“Do we really care if the Internationals win?” it was written. “And if we don’t, is it not almost like … what’s the point?”
The insinuation was: how could we, the people, get ourselves emotionally invested in a team of golfers that represents a claque of countries outside the USA and Europe?
How can we viscerally, vocally support a team of Canadians, Australians, Koreans, and other representatives of far-flung continents, land masses and disparate nation states?
Particularly one which loses all the time?
The answer, of course, was, by watching really cool golf in a really cool format, played by really cool golfers.
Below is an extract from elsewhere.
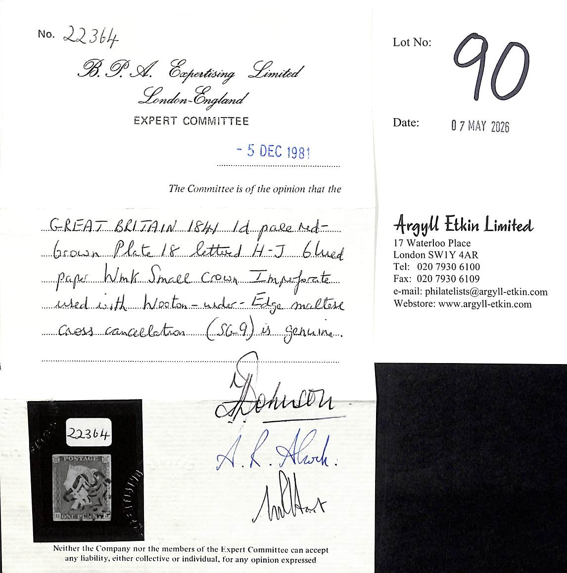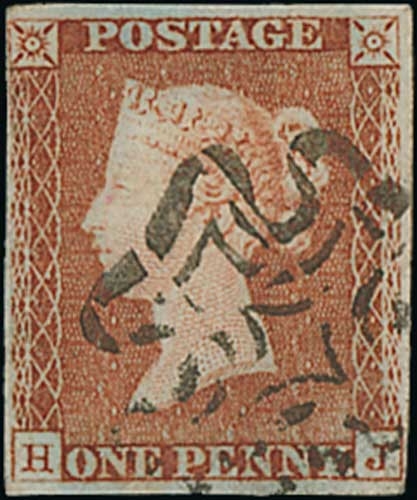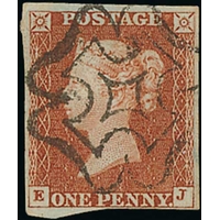 1841 1d Pale red-brown, HJ plate 18, small to good margins, with the distinctive Wotton-Under-Edge Maltese Cross in black, very scarce. With B.P.A Certificate (1981). S.G. £4,500. Photo on Page 12.
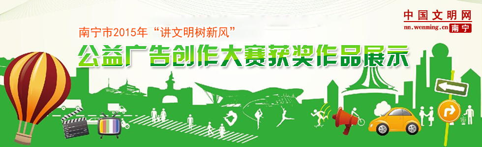 | 為貫徹落實全國及自治區(qū)有關(guān)進(jìn)一步做好“講文明樹新風(fēng)”公益廣告宣傳工作部署,繼續(xù)運用公益廣告大力培育和弘揚社會主義核心價值觀,為實現(xiàn)中國夢凝聚強大正能量,傳播先進(jìn)文化,引領(lǐng)文明風(fēng)范,南寧市文明委開展2015年“講文明樹新風(fēng)”公益廣告創(chuàng)作大賽。本次大賽共收到各類別的參 賽作品數(shù)分別為:平面類206幅、視頻類90個、音頻類76個、微電影27個、連環(huán)畫類25個、墻體畫23個,大賽組委會邀請廣西藝術(shù)學(xué)院設(shè)計學(xué)院、廣西藝術(shù)學(xué)院影視與傳媒學(xué)院、廣西大學(xué)新聞傳播學(xué)院、廣西師范學(xué)院新聞傳播學(xué)院、南寧職業(yè)技術(shù)學(xué)院藝術(shù)工程學(xué)院、南寧電臺、南寧電視臺的專家及廣告公司代表共9名評委對參賽作品進(jìn)行評審。市文明委印發(fā)了《關(guān)于表彰南寧市2015年“講文明樹新風(fēng)”公益廣告創(chuàng)作大賽獲獎作品的決定》。此次評選出來的“講文明樹新風(fēng)”公益廣告獲獎作品充分突出思想道德內(nèi)涵,大眾化、形象化、具體化地弘揚社會主義核心價值觀,主題鮮明,內(nèi)涵深刻,形象生動,現(xiàn)對各類獲獎作品予以展示。 |

Well, maybe not ‘cool’. Golfers aren’t cool. They’re square-eyed sportos, in the main, flat-bellies dedicated to a discipline like monks to a gong.
But their golf was world class.
And, for the weekend at least, at Royal Montreal, it was revenge of the golf-nerds. The International team were rock stars. Lauded. Supported. They were our guys, our Bad News Bears, taking on the might of the Evil Empire.
The Cup peaked, for mine, when Si Woo Kim chipped in from hill-side on Saturday, and he and Tom Kim tore around the green, a pair of stocky, tubby, third grade club rugby hookers, going off in the pub on Mad Monday. Si Woo made some odd ‘go to sleep’ gesture. Didn’t matter what it meant – the locals went off and we all went tearing around the pub with them.
it was stadium noise stuff. Charged. Visceral. It was very cool.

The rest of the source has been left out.